> _EXERCISE PROMPT_: Using the listing below, give again exactly the lines from the line with "I tak, RCK zaprasza" to the line with "体育训练馆舞蹈室室内设备齐全", inclusive, without the pictures.

[Opening DATA FOR THIS EXERCISE section]

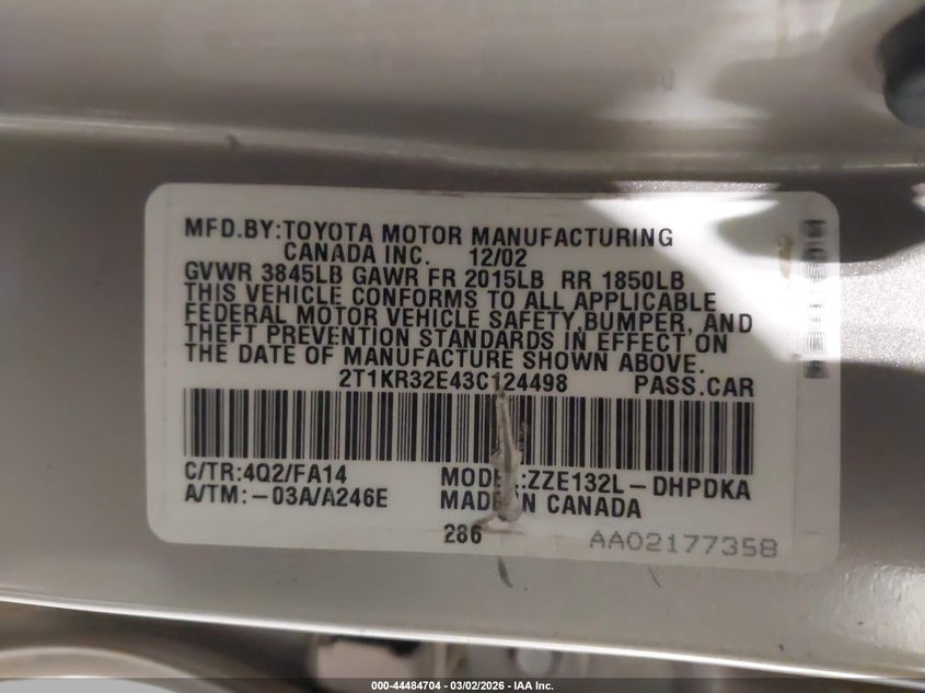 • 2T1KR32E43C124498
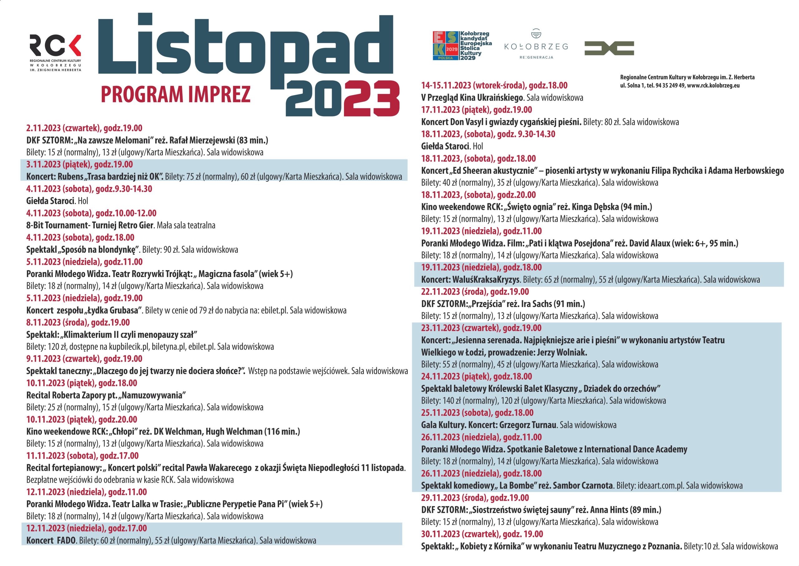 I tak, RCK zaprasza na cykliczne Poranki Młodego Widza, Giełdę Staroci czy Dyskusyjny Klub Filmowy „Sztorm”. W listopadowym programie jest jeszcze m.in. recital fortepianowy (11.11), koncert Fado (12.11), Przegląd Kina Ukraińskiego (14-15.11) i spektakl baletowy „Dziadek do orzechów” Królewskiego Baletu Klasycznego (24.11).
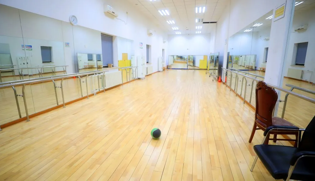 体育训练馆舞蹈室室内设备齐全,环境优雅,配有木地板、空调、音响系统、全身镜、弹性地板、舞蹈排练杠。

[Closing DATA FOR THIS EXERCISE section]
[Opening DATA FOR THIS EXERCISE section]

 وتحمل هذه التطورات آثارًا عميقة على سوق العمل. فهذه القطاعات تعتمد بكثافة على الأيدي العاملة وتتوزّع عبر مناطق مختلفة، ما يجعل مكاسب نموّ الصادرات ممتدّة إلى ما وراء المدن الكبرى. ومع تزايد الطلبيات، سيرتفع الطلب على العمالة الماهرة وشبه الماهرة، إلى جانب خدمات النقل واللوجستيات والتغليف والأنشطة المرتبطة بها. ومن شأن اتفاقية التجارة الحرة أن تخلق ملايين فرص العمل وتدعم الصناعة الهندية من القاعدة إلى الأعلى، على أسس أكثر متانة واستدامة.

[Closing DATA FOR THIS EXERCISE section]

> _RESULT BELOW_:
 I tak, RCK zaprasza na cykliczne Poranki Młodego Widza, Giełdę Staroci czy Dyskusyjny Klub Filmowy „Sztorm”. W listopadowym programie jest jeszcze m.in. recital fortepianowy (11.11), koncert Fado (12.11), Przegląd Kina Ukraińskiego (14-15.11) i spektakl baletowy „Dziadek do orzechów” Królewskiego Baletu Klasycznego (24.11).
 体育训练馆舞蹈室室内设备齐全,环境优雅,配有木地板、空调、音响系统、全身镜、弹性地板、舞蹈排练杠。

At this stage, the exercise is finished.